Bu tayinden maksadım, ibadeti tesis etmeniz, aralarında adalet ve hak ölçüleri ile hükmetmeniz, her hususta hakkı hukuku gözetmeniz içindir.”
“Biliniz ki, sizi halka zulmetmek ve tahakküm etmek için tayin etmedim.

Sizi halka örnek olacak önderler olarak gönderdim. Müslümanlara haklarını veriniz, onları küçük düşürerek dövmeyiniz.
Gurura kapılma hatasına düşmemeleri için onları lüzumundan fazla övmeyiniz. Kapılarınızı onların yüzlerine kapamayınız ki, içlerinde kuvvetli olanlar zayıf olanları yemesin.
Onlardan üstünmüşsünüz gibi hareket etmeyiniz. Çünkü bu onlara tahakküm etmektir.”


Halkın Söz Hakkı
Hz. Ömer’e göre, halkın devlet idaresinde söz söyleme hakkı vardı. Bu hakkı kullanmak üzere vilayetlerde idarenin işleyişini kontrol etmek için heyetler oluşturulmuştu. Bu heyetler zaman zaman Medine’ye gelir, Medine’de o vilayetin genel durumu görüşülür, telkin ve tavsiyede bulunulurdu. Şikayet üzerine, araştırmalar yapılır, şikayetler haklı çıkarsa görevli, görevinden
uzaklaştırılırdı

Bekçi Kulübesi Azl’e Sebep Oluyor
Hz. Ömer, İran fatihi ve büyük sahabe Saad bin Ebi Vakkas’ı Kufe’ye vali tayin etti. Halkın şikâyeti üzerine de valilikten aldı. Şikâyetin konusu da evinin önüne bir bekçi kulübesi yaptırması idi. Halk valiyi istediği zaman görürdü. Bekçi kulübesi valinin istenildiği zaman görülmesini engel oluyordu.
Halka Hitabesi
Hz. Ömer, halkı görevlileri kontrol ve yaptıklarını takip etmeye teşvik ederdi. Bir konuşmasında şöyle der: “Ben valileri, sizleri dövmeleri, mallarınızı haksızlıkla almaları için göndermiyorum.
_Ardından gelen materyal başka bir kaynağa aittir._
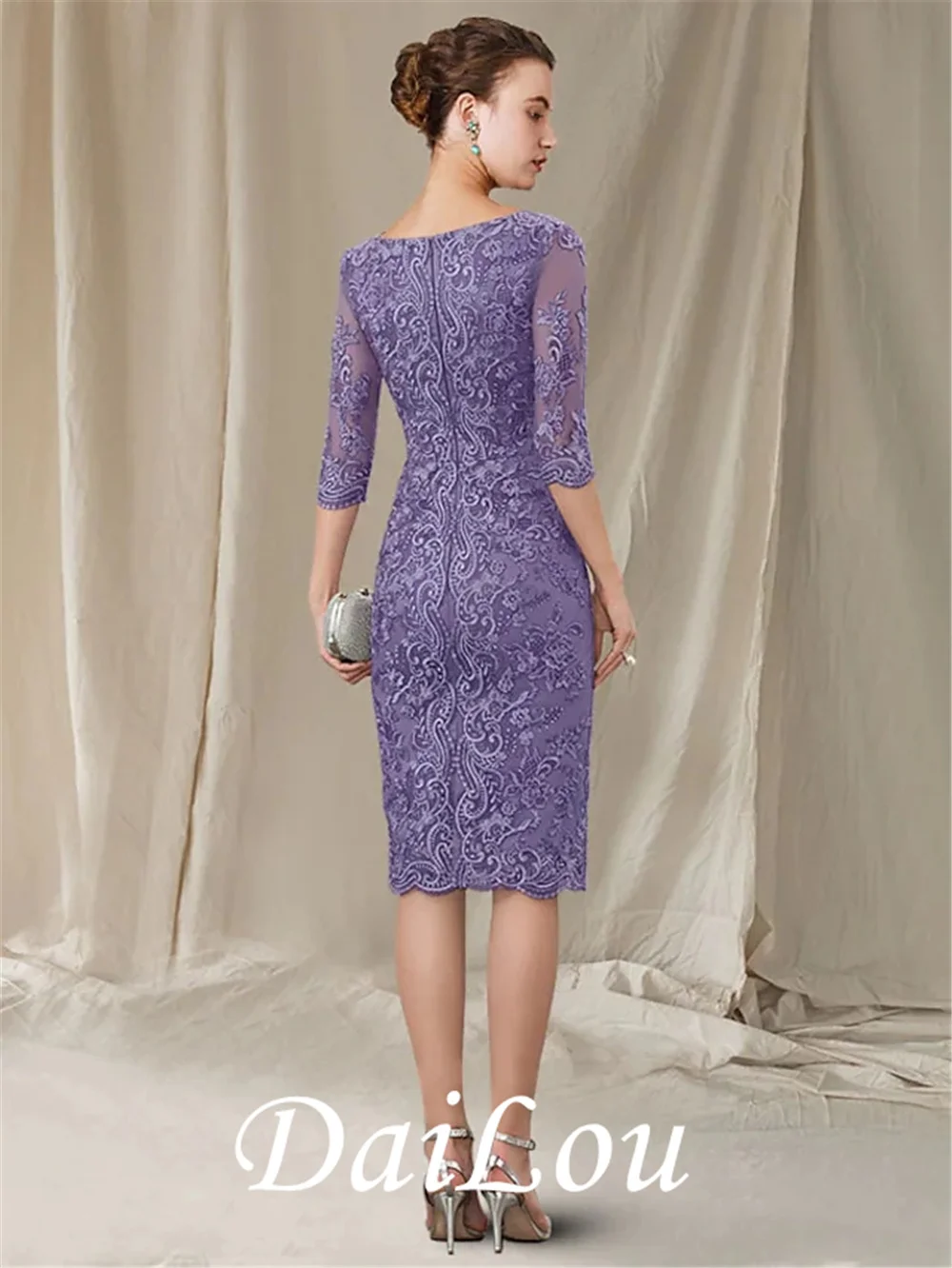 Повод: Свадебная вечеринкаСтиль: элегантныйСилуэт: футляр/колоннаПодол/шлейф: длина до коленаВырез: вырез лодочкойТкань: кружево, шифонЗастежка: молнияРукав Длина: 3/4 Длина рукавТалия: натуральнаяУкрашение: бант (ы), аппликацииПолностью Подкладка: нетВстроенный бюстгальтер: ДаСклеивание: Да

Onları tayin etmekten maksadım, Allah’ın, Rasûlü’nün gösterdiği yolu size anlatmaları içindir. Onlardan herhangi birisi bu maksadın hilafına bir davranışta bulunursa, siz bunu hemen bana bildirmelisiniz. Allah’a yemin ederim ki, ben derhal bu valiyi değiştiririm.”
Mısır valisi Amr bin As ayağa kalktı: “Eğer bir Müslüman valiliği sırasında, suç işleyen birisini başkalarına ders olacak şekilde cezalandırmak için döverse, siz bu valiyi yine değiştirecek veya cezalandıracak mısınız?” diye sordu.
Hz. Ömer: “Evet! Allah’a yemin ederim ki, cezalandırırım. Zira ben Allah’ın Rasûlünün böyle yaptığını gördüm. Sakın Müslümanları dövmeyin. Çünkü böyle yapmakla onları alçaltırsınız. Onları haklarından mahrum etmeyiniz, çünkü böyle yapmakla onları suç işlemeye teşvik etmiş olursunuz.”

Hacda Umumi Toplantı
Hz. Ömer, bütün valileri ve üst düzey memurları hac mevsiminde hacda toplardı. Memleketin umumi durumu görüşülür, alınması gerekli tedbirler müzakere edilirdi.
Bu toplantılarda ayrıca idarecilerden şikâyetlerde dinlenirdi. Hz. Ömer şöyle derdi: “Kimin vali ve memurlar’dan şikâyeti varsa, bir alacağı varsa, bir hakkı varsa ayağa kalksın söylesin.”
Bir defasında adamın biri ayağa kalktı: “Ey mü’minlerin emiri! Senin Vâli’n bana yüz kırbaç vurdu” dedi.
Hz. Ömer: “Kalk, hakkını al” buyurdu.
Amr bin As, ayağa kalktı: “Ey mü’minlerin emiri! Sen valiler hakkında böyle bir kapı açarsan, bu hal hem onlara çok ağır gelir, hem de senden sonrakiler için bir adet halini alır” dedi.
Hz. Ömer: “Dikkat et, ben Allah’ın Rasûlünün nefsine kısas tatbik ettiğini
gördüm. Onu kısassız mı bırakacağım?”
buyurdu. Sonra hak sahibine dönerek: “Kalk, hakkını al” diye emretti.
Amr bin As: “O halde izin verin de O’nu razı edeyim” dedi. Şikâyetçi olan şahsa her kırbaç için iki dinar olmak üzere toplam 200 dinar verilerek razı edildi, şikâyetçi kısas hakkından vazgeçti.

Tek Adam İdâresi
Hz. Ömer, memleketin idaresinin bir adamın idaresine terk edilemeyeceğine inanırdı. Bunun için halktan, bilhassa ehil kimselerden yardım isterdi.
Hz. Ömer, memleketin bütün kabiliyetli ve bilgili insanlarını bilir, onlara kabiliyetlerine göre vazife verirdi. Karab ve Tuleyha bin Halid, asker insanlardı. Harb sanatını bilirlerdi.
Hz. Ömer kumandana yazdığı mektupta “Bunlara askeri vazife ver, çünkü ehillerdir. İdari vazife verme, idari vazifeye ehil değillerdir” diye yazıyordu.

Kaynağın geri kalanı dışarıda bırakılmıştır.